Egypt’s Fawry to raise $50.8 million growth capital and explore a US Listing.


Fawry for Banking and Payment Technology Services S.A.E. (the “Company,” FWRY.CA on the Egyptian Exchange) stated  that it plans to raise EGP800 million ($50.8 million) in expansion capital from current shareholders through a rights issue. The funds will be used to launch a new chapter of financial service growth for both consumers and merchants.

The offering will assist place the Company at the forefront of Egypt’s Super App opportunity, in addition to expanding the Company’s products on MyFawry. Furthermore, the company will continue to invest in improving its merchant acquiring and supply chain solutions strengths.

A portion of the funds will be used to carry out the Company’s investment plan, accelerate innovation, and assist the nascent ecosystem of high-growth startups and fintech that complement Fawry’s offering through e-commerce, logistics, financial services, and insuretech, among other verticals.

The Company’s board of directors, which includes directors who represent the company’s major shareholders (whether institutional investors or financial institutions), has approved the proposal to raise capital to fund the company’s growth plans if the necessary shareholder and regulatory approvals are obtained.

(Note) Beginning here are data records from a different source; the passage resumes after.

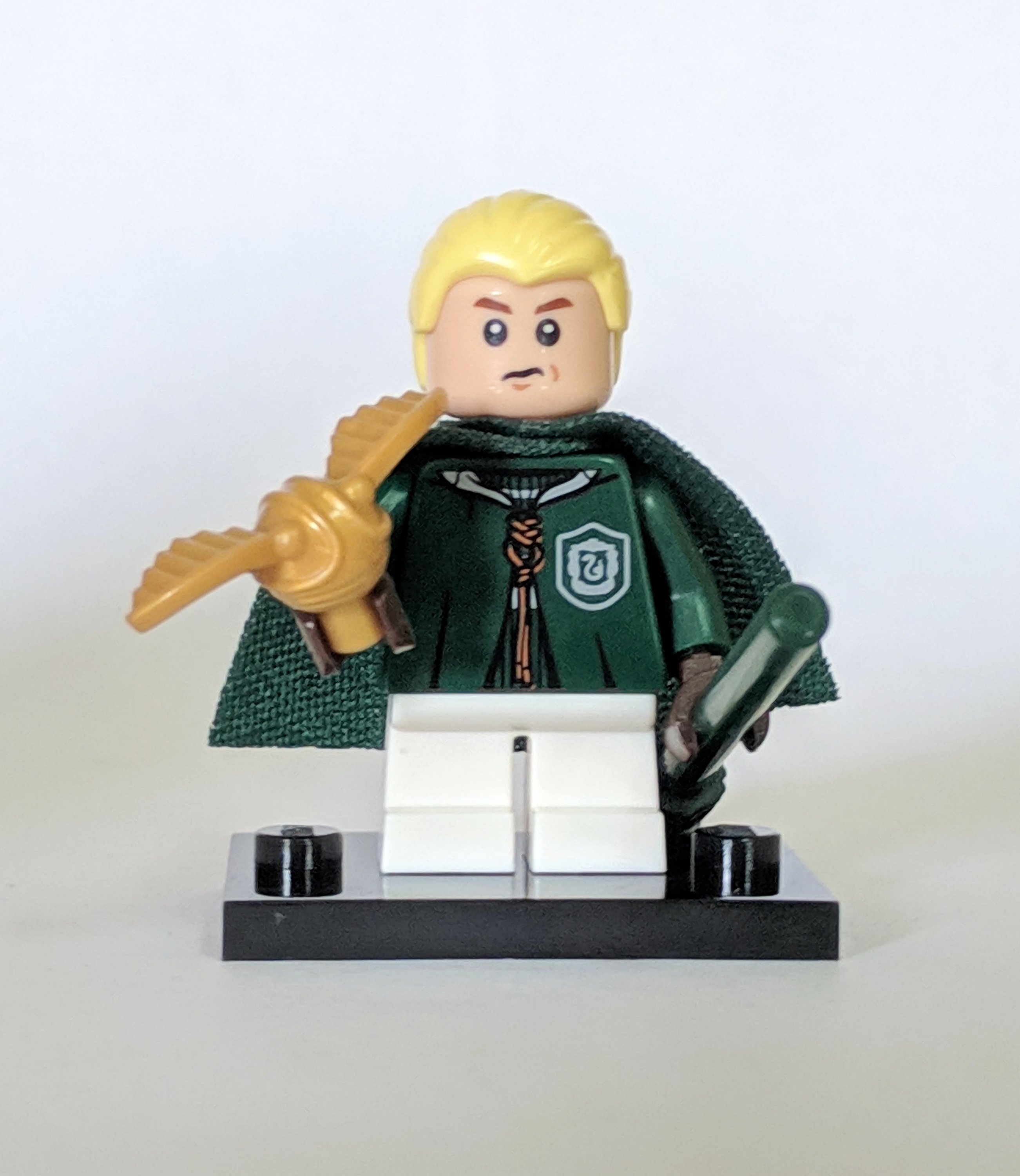 Draco is one of the key characters in the Harry Potter books and the one that has been made into most different Minifigure versions (8 versions came with the sets released between 2001 and 2011) apart from the Gryffindor trio Harry, Ron and Hermione.
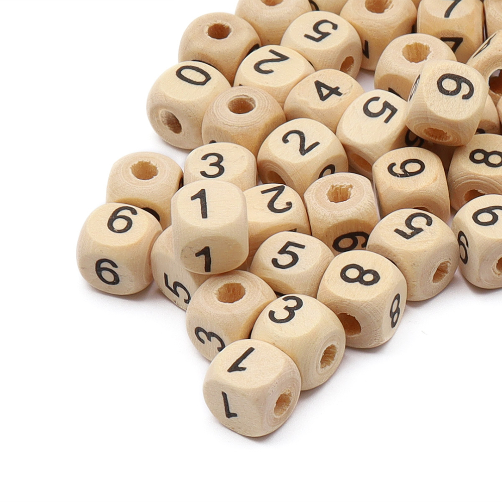 Деревянные бусины в форме кубиков с цифрами – основа для различных поделок. Из деревянных бусин можно создавать бижутерию, украшения на рождественскую елку и многое другое.
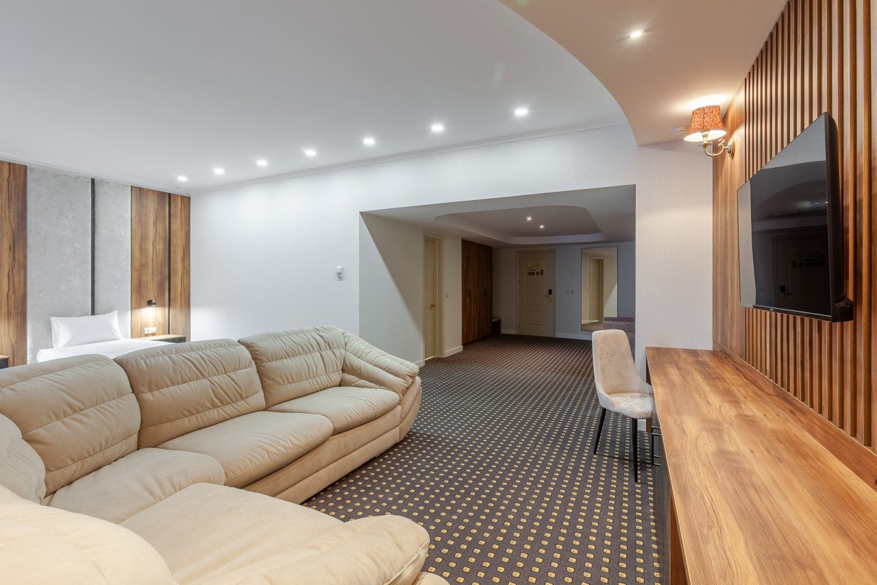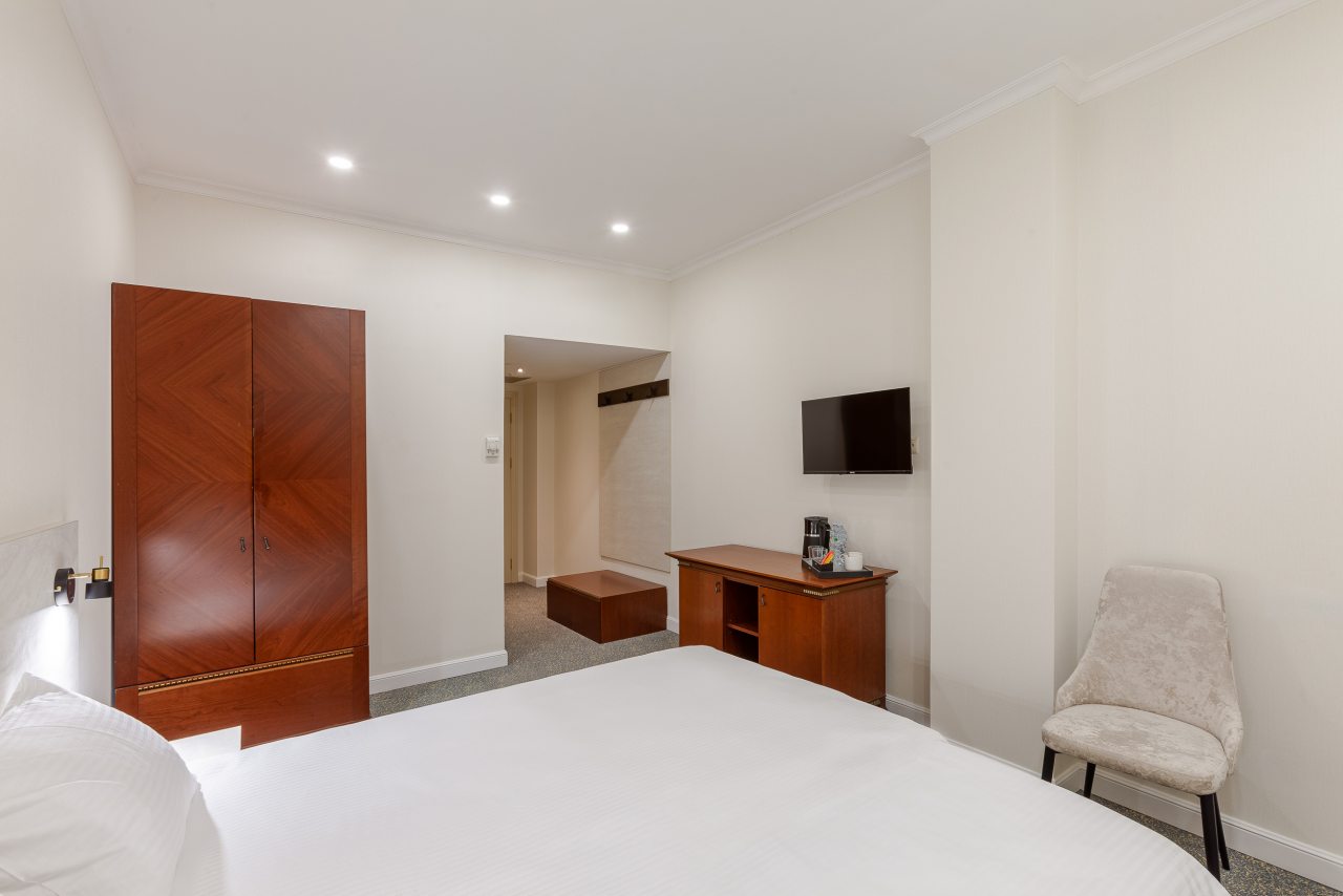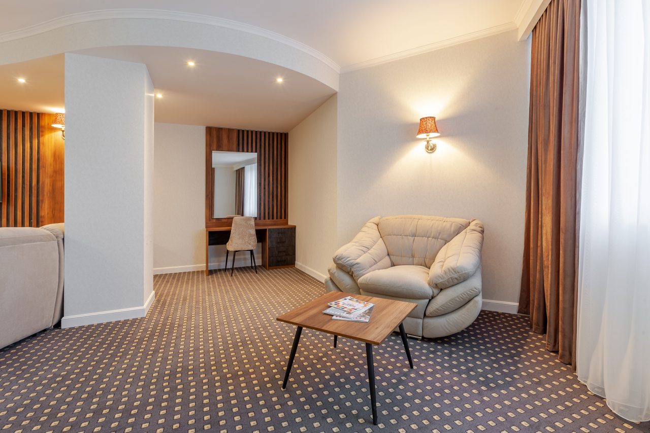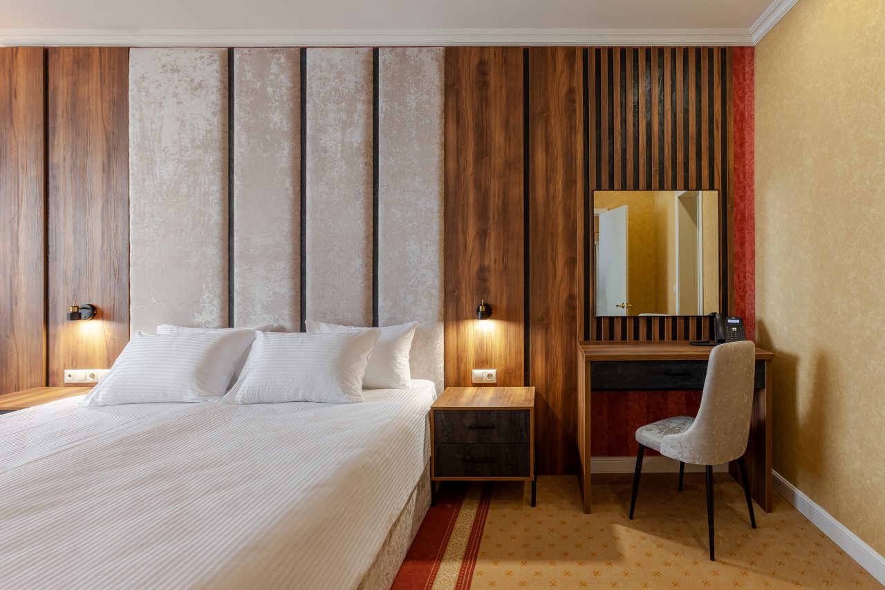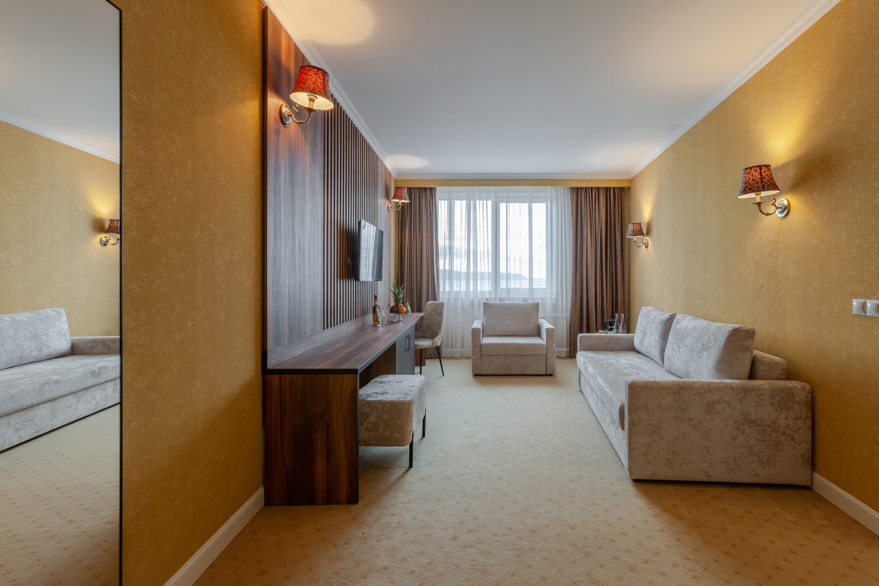 К размещению гостей представлены уютные и просторные двухместные номера. Здесь есть все условия для комфортного проживания: удобные спальные места, качественная мебель, техника, интернет. Ванная комната оснащена необходимыми принадлежностями.

The Company’s board of directors also approved the formation of an American Depositary Shares (“ADS”) program, and the company is looking into a possible SEC-registered secondary offering in the United States. 

The proposed offering’s timing, amount of ADSs, and price have yet to be established. The proposed offering is subject to market conditions, shareholder and regulatory approvals, and no assurance can be given as to whether or when the offering will be completed, or as to the size or terms of the offering.

These materials do not constitute an offer to sell securities in the United States. The securities cannot be sold in the United States unless they have been registered or have received an exemption from registration under the Securities Act of 1933, as amended. 

Any public offering of securities will be conducted through the use of a prospectus, which can be obtained from the Company and will include full information about the Company and its management, as well as financial statements.